Python can't open symlinked file


Python is unable to open my simlinked file. I made sure the file exists and I can access it. I was under the impression that symlinks are resolved on the OS level so Python would never know about it.

therold@therold:~/Programming/ML/deeptank/dataset/inc (master)$ ls -lisa  /Users/therold/Programming/ML/deeptank/dataset/inc/training/tanks/matilda-iv_689.png
7870541 8 lrwxr-xr-x  1 therold  staff  46 13 Mai 16:44 /Users/therold/Programming/ML/deeptank/dataset/inc/training/tanks/matilda-iv_689.png -> ../training_data/matilda-iv/matilda-iv_689.png

OSX is clearly able resolve the symlinked image file. However the Python open() method fails me:

therold@therold:~/Programming/ML/deeptank/dataset/inc (master)$ python
Python 2.7.10 (default, Sep 23 2015, 04:34:21)
[GCC 4.2.1 Compatible Apple LLVM 7.0.0 (clang-700.0.72)] on darwin
>>> open("/Users/therold/Programming/ML/deeptank/dataset/inc/training/tanks/matilda-iv_689.png")
Traceback (most recent call last):
  File "<stdin>", line 1, in <module>
IOError: [Errno 2] No such file or directory: '/Users/therold/Programming/ML/deeptank/dataset/inc/training/tanks/matilda-iv_689.png'
>>>

Any ideas what I am doing wrong? Help is much appreciated.


Solution

  • Any ideas what I am doing wrong?

    The target of the symbolic link doesn't exist.

    I don't understand why I was able to resolve it in the ls statement in my question.

    You weren't.

    The ls command by default operates on the link itself, not on the target of the link. Absent the -L option, ls never attempts to resolve the symbolic link.

    Consider a directory with these two files:

    $ ls -l
    -rw-rw-r-- 1 me me 6 May 13 11:58 a
    lrwxrwxrwx 1 me me 3 May 13 12:00 b -> ./a
    

    a is a text file containing the six bytes 'hello\n'. b is a link file containing the three bytes to its target path: './a'. ls is able to describe the properties of the link without dereferencing the link itself.

    In contrast, use the -L option:

    $ ls -lL
    -rw-rw-r-- 1 me me 6 May 13 11:58 a
    -rw-rw-r-- 1 me me 6 May 13 11:58 b
    

    Now ls has resolved the link in b, and displays information about the linked-to file. With -L, ls now claims that b is also a six-byte text file.

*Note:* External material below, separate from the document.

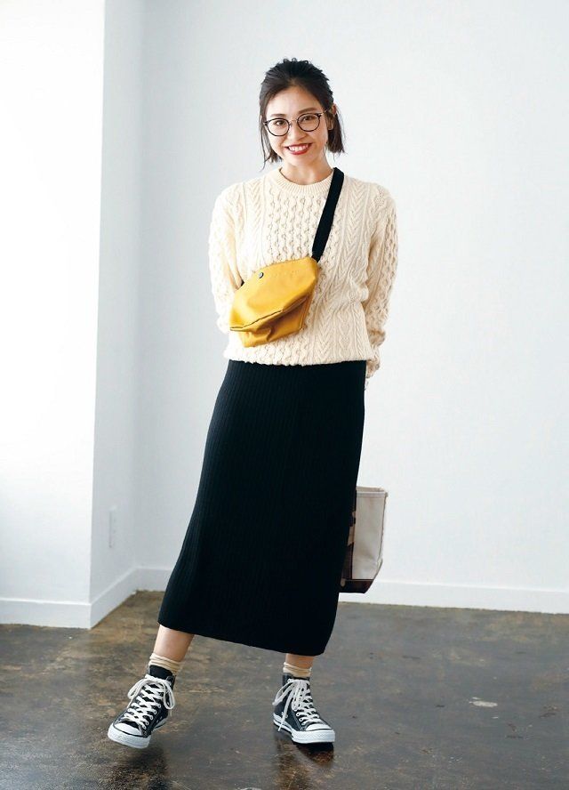 ケーブルニット¥2,990、リブタイトスカート¥2,990、ミニショルダーバッグ¥990/UNIQLO 眼鏡¥12,000/JINS トートバッグ¥5,900/L.L.Bean ソックス¥2,500/ROYALTIES(SAINT JAMES 代官山店) スニーカー¥5,800/コンバース(コンバースインフォメーションセンター)
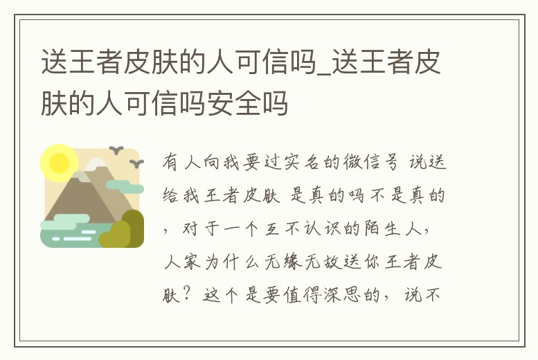 送王者皮膚的人可信嗎_送王者皮膚的人可信嗎安全嗎

    Finally, consider this:

    $ rm a
    $ ls -l
    lrwxrwxrwx 1 me me 3 May 13 12:00 b -> ./a
    $ ls -lL
    ls: cannot access b: No such file or directory
    l????????? ? ? ? ?            ? b
    

    Now b is a link that resolves to a file that no longer exists. Since ls -l never attempts the resolve the link, its output is unchanged from the previous test. (b is a link file, 3 bytes long, contents './a'.)

    But ls -lL attempts to resolve the link, fails, and displays the failure information.